- **Task item**
Some entries follow. Reproduce exactly the lines starting at the one with "Pamper yourself with" and stopping after the one with "Durable Frame: Ultra".

- **Record extracts**
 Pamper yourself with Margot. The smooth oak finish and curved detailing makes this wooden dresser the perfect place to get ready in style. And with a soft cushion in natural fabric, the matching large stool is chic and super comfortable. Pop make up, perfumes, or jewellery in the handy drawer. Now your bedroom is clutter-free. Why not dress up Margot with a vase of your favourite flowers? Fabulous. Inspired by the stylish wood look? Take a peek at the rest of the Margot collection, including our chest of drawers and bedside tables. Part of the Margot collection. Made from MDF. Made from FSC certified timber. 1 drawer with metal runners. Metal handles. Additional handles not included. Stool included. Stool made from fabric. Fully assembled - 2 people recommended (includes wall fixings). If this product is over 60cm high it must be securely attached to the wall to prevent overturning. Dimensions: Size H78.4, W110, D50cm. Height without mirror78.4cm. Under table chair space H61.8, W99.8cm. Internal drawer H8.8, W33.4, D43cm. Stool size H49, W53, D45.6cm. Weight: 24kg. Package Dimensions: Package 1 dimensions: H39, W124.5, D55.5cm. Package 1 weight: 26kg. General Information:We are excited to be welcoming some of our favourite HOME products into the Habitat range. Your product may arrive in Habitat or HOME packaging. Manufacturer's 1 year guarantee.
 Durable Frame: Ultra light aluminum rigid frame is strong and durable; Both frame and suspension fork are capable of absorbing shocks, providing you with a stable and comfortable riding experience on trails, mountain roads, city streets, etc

---

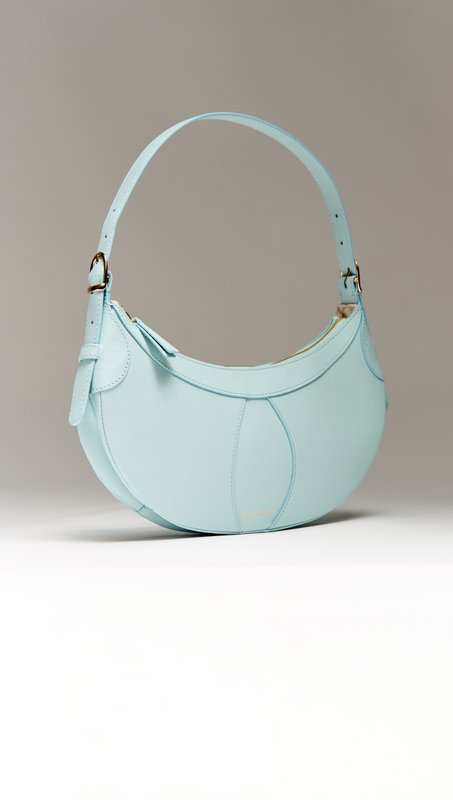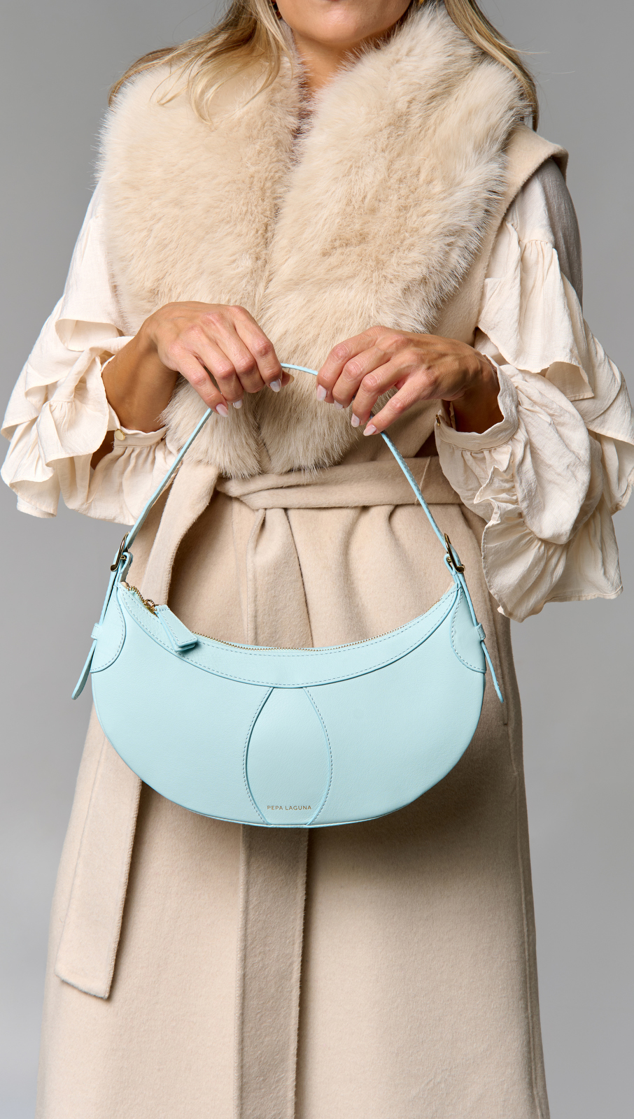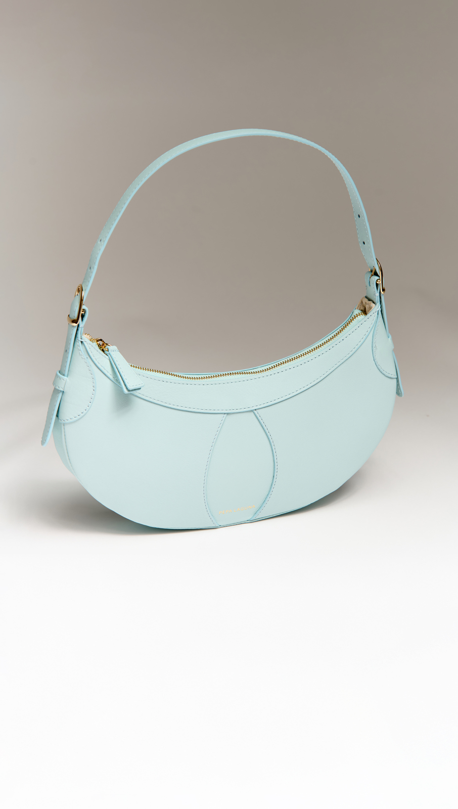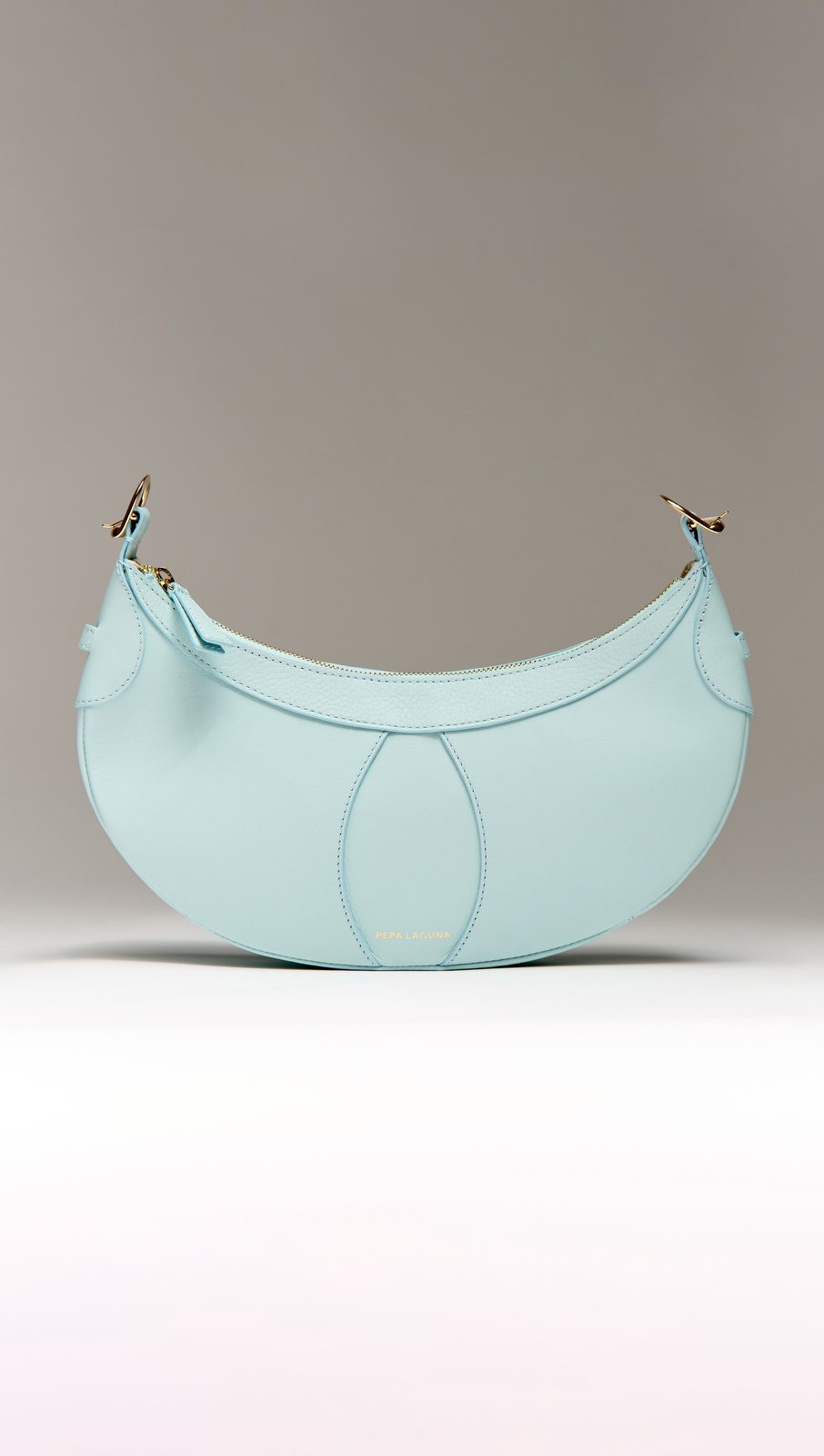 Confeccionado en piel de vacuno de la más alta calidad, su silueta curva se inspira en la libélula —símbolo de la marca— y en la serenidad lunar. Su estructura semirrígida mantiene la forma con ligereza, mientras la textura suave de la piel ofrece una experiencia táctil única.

---

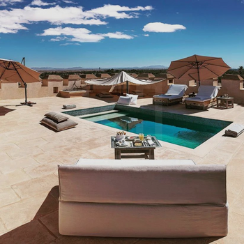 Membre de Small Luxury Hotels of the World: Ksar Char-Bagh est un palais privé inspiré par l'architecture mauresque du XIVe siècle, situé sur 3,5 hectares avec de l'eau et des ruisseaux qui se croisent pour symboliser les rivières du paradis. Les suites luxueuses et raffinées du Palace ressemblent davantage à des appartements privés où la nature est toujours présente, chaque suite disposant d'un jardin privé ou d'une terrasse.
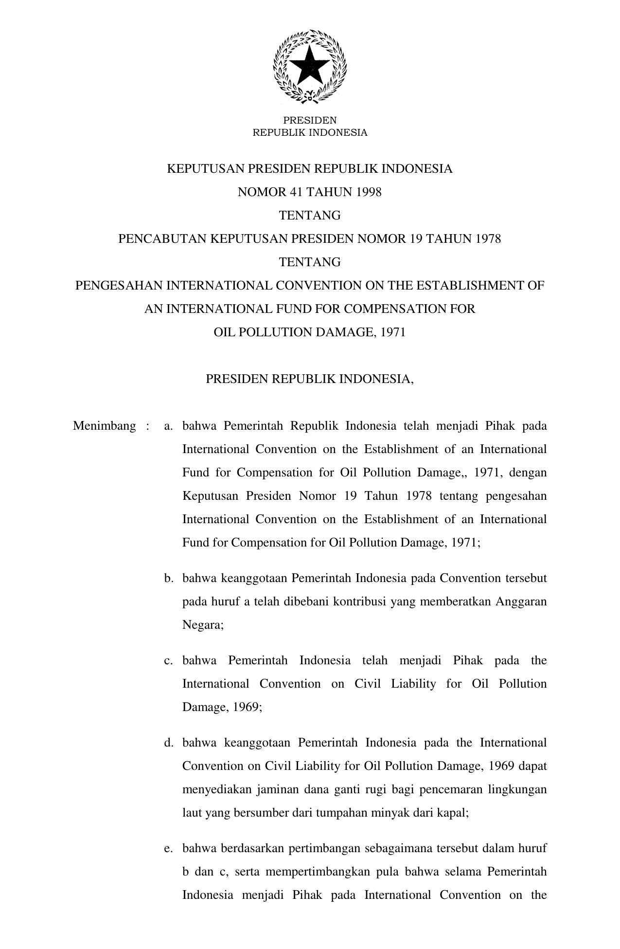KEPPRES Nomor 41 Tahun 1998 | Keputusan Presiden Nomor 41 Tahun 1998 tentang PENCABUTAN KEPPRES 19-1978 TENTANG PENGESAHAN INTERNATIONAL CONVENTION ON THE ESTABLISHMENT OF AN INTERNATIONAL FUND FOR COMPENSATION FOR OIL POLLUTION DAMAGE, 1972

- **Solved exercise**
 Pamper yourself with Margot. The smooth oak finish and curved detailing makes this wooden dresser the perfect place to get ready in style. And with a soft cushion in natural fabric, the matching large stool is chic and super comfortable. Pop make up, perfumes, or jewellery in the handy drawer. Now your bedroom is clutter-free. Why not dress up Margot with a vase of your favourite flowers? Fabulous. Inspired by the stylish wood look? Take a peek at the rest of the Margot collection, including our chest of drawers and bedside tables. Part of the Margot collection. Made from MDF. Made from FSC certified timber. 1 drawer with metal runners. Metal handles. Additional handles not included. Stool included. Stool made from fabric. Fully assembled - 2 people recommended (includes wall fixings). If this product is over 60cm high it must be securely attached to the wall to prevent overturning. Dimensions: Size H78.4, W110, D50cm. Height without mirror78.4cm. Under table chair space H61.8, W99.8cm. Internal drawer H8.8, W33.4, D43cm. Stool size H49, W53, D45.6cm. Weight: 24kg. Package Dimensions: Package 1 dimensions: H39, W124.5, D55.5cm. Package 1 weight: 26kg. General Information:We are excited to be welcoming some of our favourite HOME products into the Habitat range. Your product may arrive in Habitat or HOME packaging. Manufacturer's 1 year guarantee.
 Durable Frame: Ultra light aluminum rigid frame is strong and durable; Both frame and suspension fork are capable of absorbing shocks, providing you with a stable and comfortable riding experience on trails, mountain roads, city streets, etc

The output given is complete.